_EXERCISE_
In the data below, begin at the line with "Gaveteiro de Escritório" and stop after the line with "This plus size, maxi"; output those lines exactly and no pictures.
+++ DATA SUPPLIED
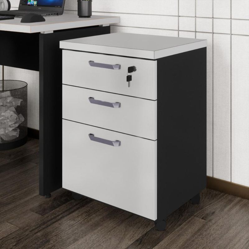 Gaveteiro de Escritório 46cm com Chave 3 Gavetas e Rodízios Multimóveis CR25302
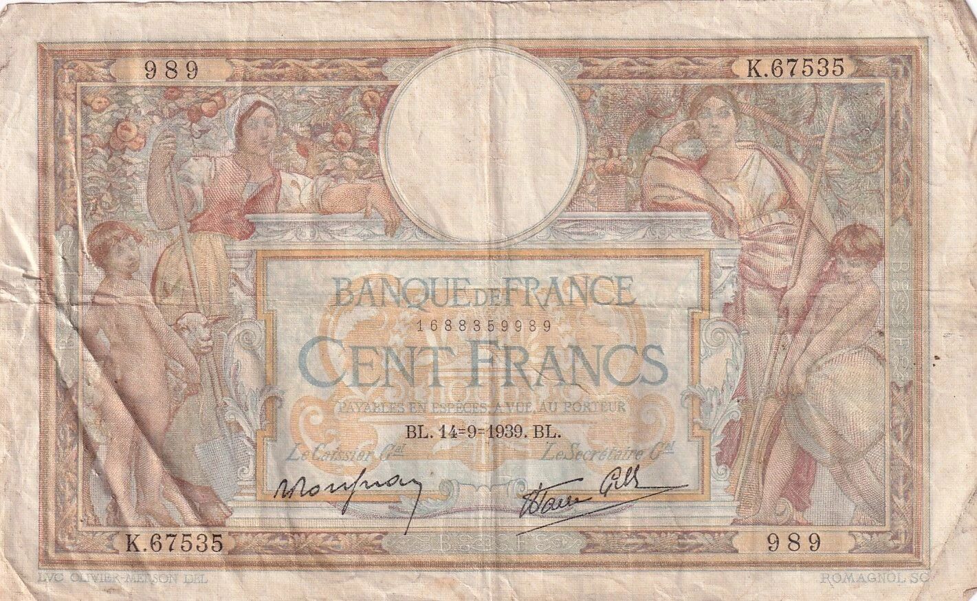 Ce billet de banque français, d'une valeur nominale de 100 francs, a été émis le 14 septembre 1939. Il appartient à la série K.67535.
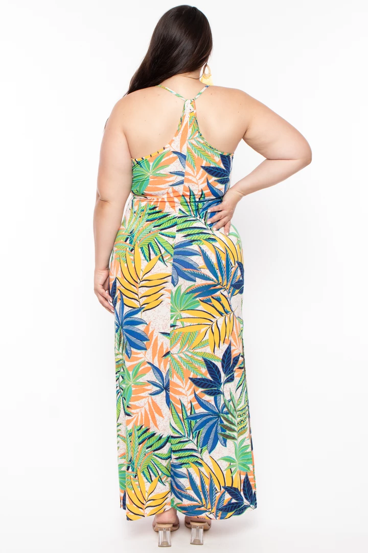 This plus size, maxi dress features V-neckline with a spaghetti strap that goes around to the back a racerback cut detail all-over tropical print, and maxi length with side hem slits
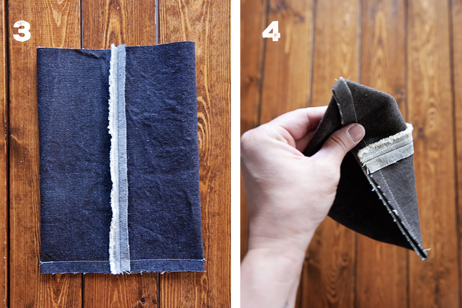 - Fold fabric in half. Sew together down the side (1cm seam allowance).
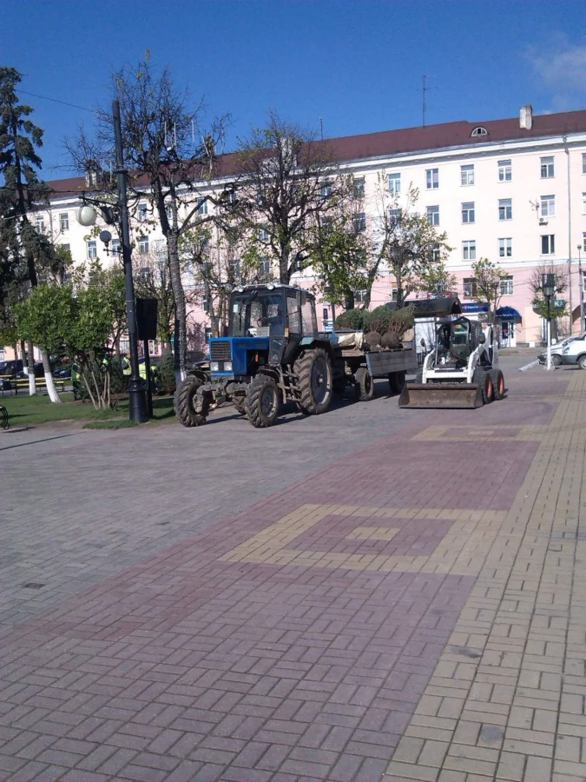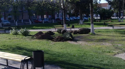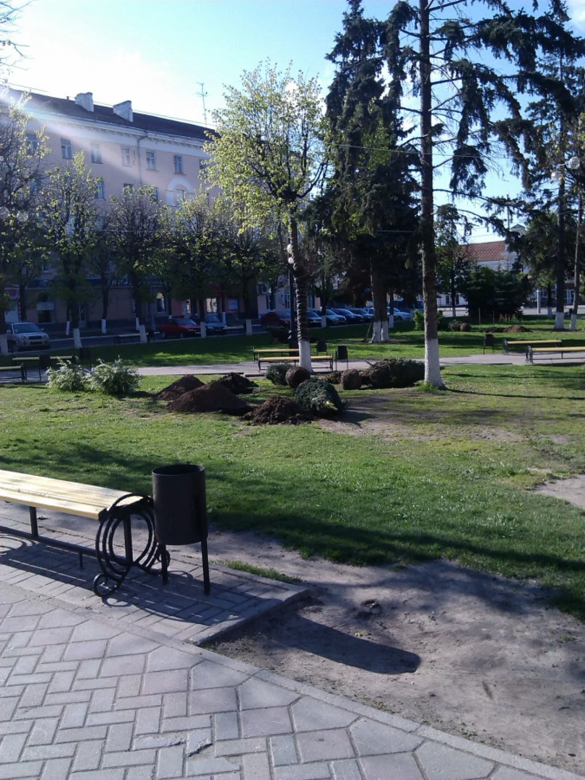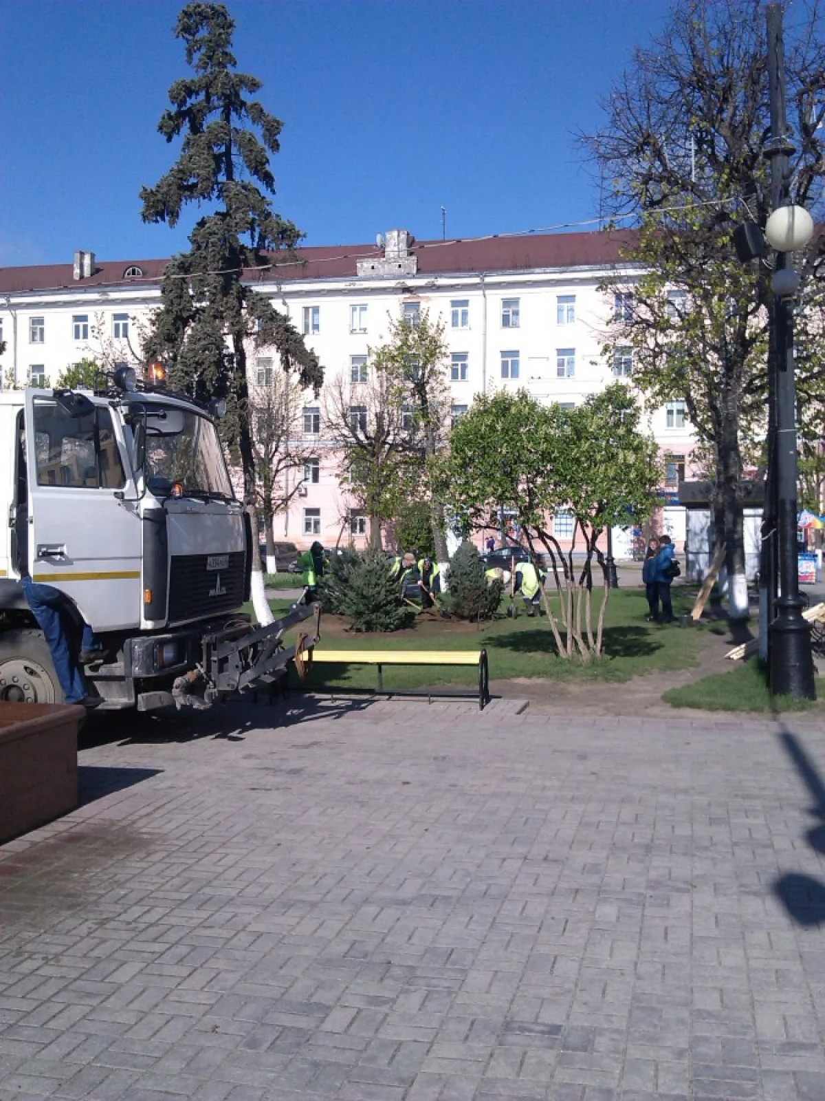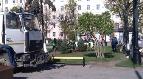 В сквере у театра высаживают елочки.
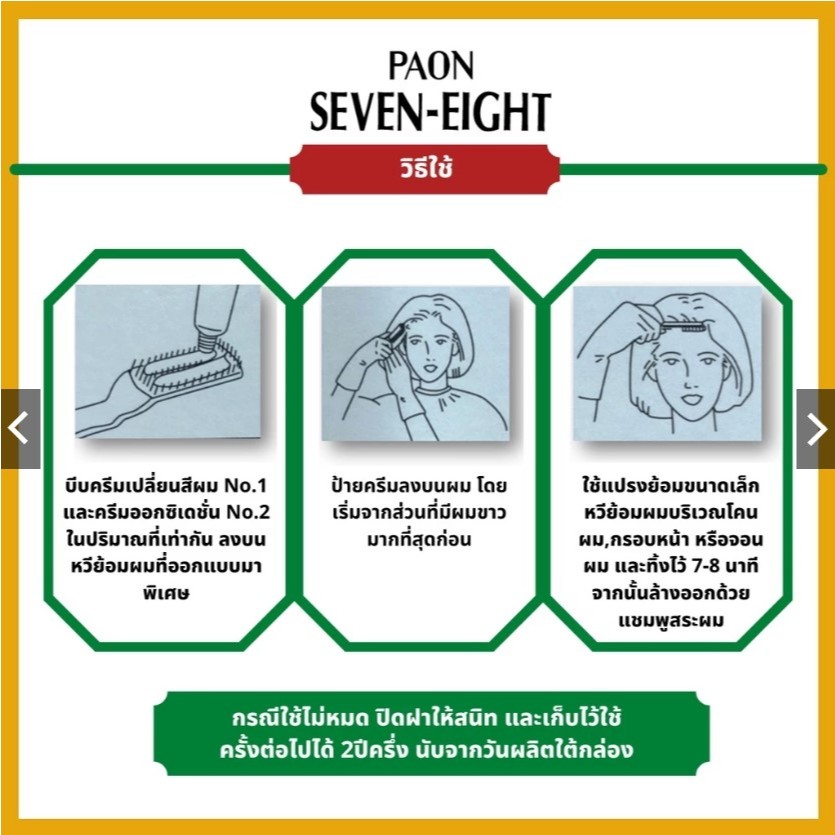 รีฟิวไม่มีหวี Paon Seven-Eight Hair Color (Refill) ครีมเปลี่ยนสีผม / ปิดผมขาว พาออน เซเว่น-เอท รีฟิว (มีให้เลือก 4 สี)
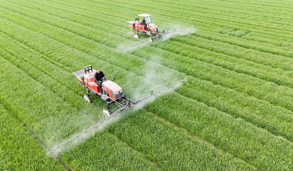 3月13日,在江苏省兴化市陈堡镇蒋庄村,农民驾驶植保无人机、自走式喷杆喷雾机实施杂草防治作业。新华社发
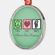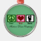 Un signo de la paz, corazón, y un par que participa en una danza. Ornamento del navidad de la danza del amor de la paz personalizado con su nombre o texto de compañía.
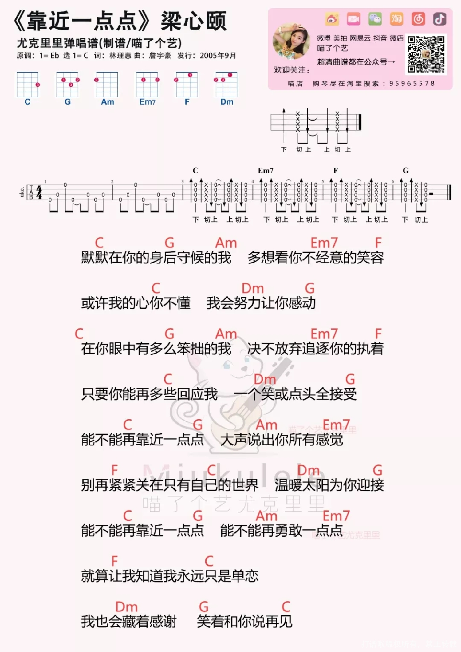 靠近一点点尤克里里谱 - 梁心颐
++++++
+++ DATA SUPPLIED
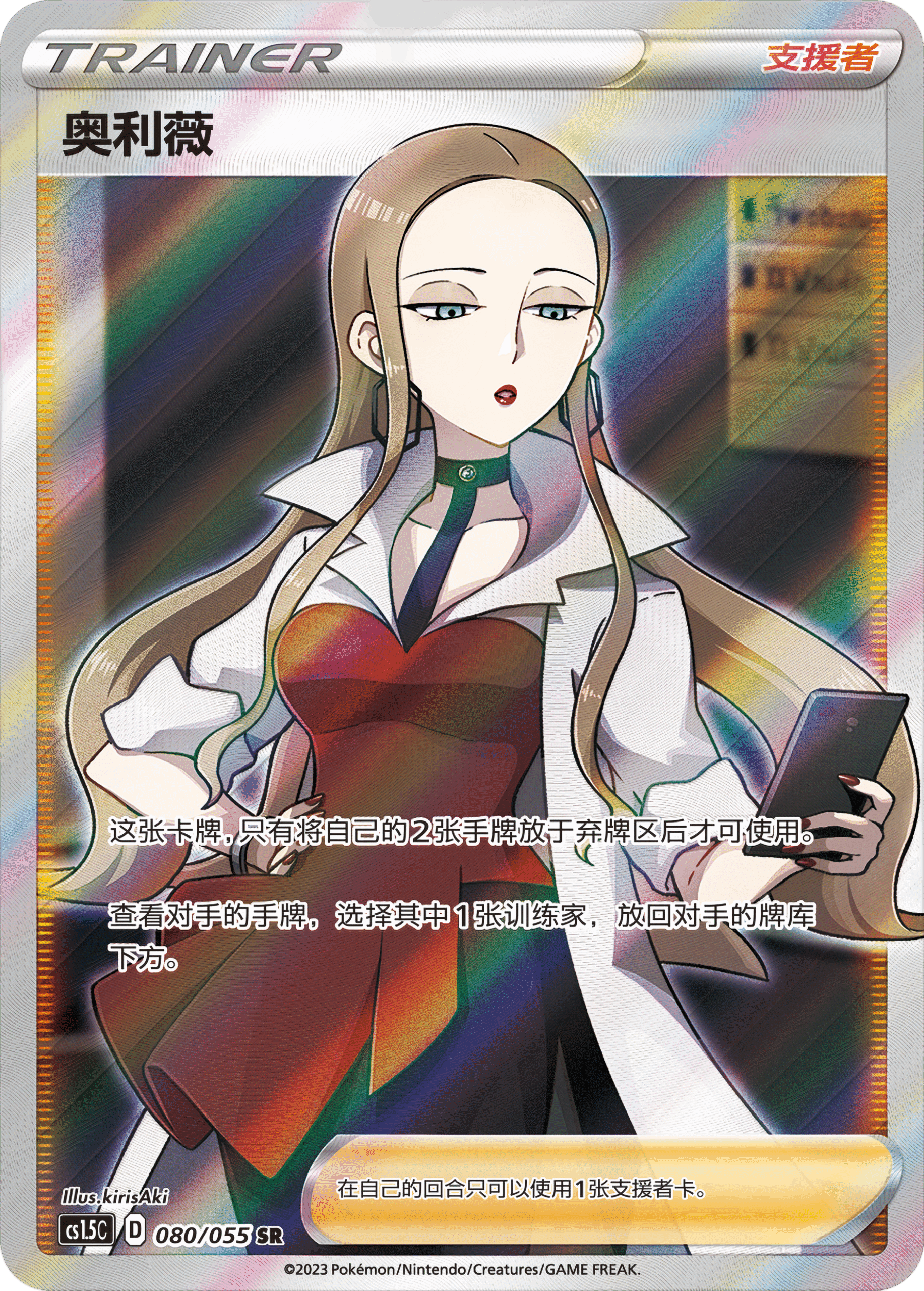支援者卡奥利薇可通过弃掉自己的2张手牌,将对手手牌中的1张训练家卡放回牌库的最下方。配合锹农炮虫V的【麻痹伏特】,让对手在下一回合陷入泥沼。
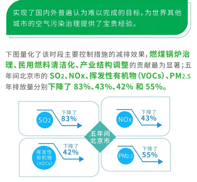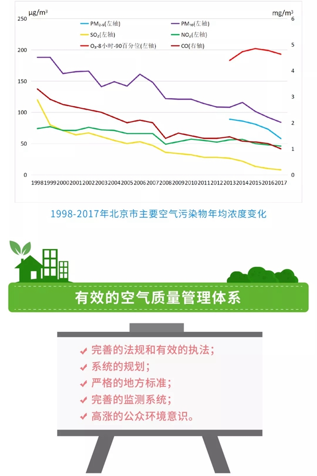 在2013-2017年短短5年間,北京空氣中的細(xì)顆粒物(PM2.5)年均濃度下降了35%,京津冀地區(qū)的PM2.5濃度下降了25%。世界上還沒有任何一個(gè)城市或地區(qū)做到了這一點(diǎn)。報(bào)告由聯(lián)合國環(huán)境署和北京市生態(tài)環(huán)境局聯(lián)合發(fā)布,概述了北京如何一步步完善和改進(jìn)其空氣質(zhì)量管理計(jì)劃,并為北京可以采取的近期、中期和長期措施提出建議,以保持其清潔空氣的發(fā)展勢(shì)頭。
++++++
_OUTPUT_
 Gaveteiro de Escritório 46cm com Chave 3 Gavetas e Rodízios Multimóveis CR25302
 Ce billet de banque français, d'une valeur nominale de 100 francs, a été émis le 14 septembre 1939. Il appartient à la série K.67535.
 This plus size, maxi dress features V-neckline with a spaghetti strap that goes around to the back a racerback cut detail all-over tropical print, and maxi length with side hem slits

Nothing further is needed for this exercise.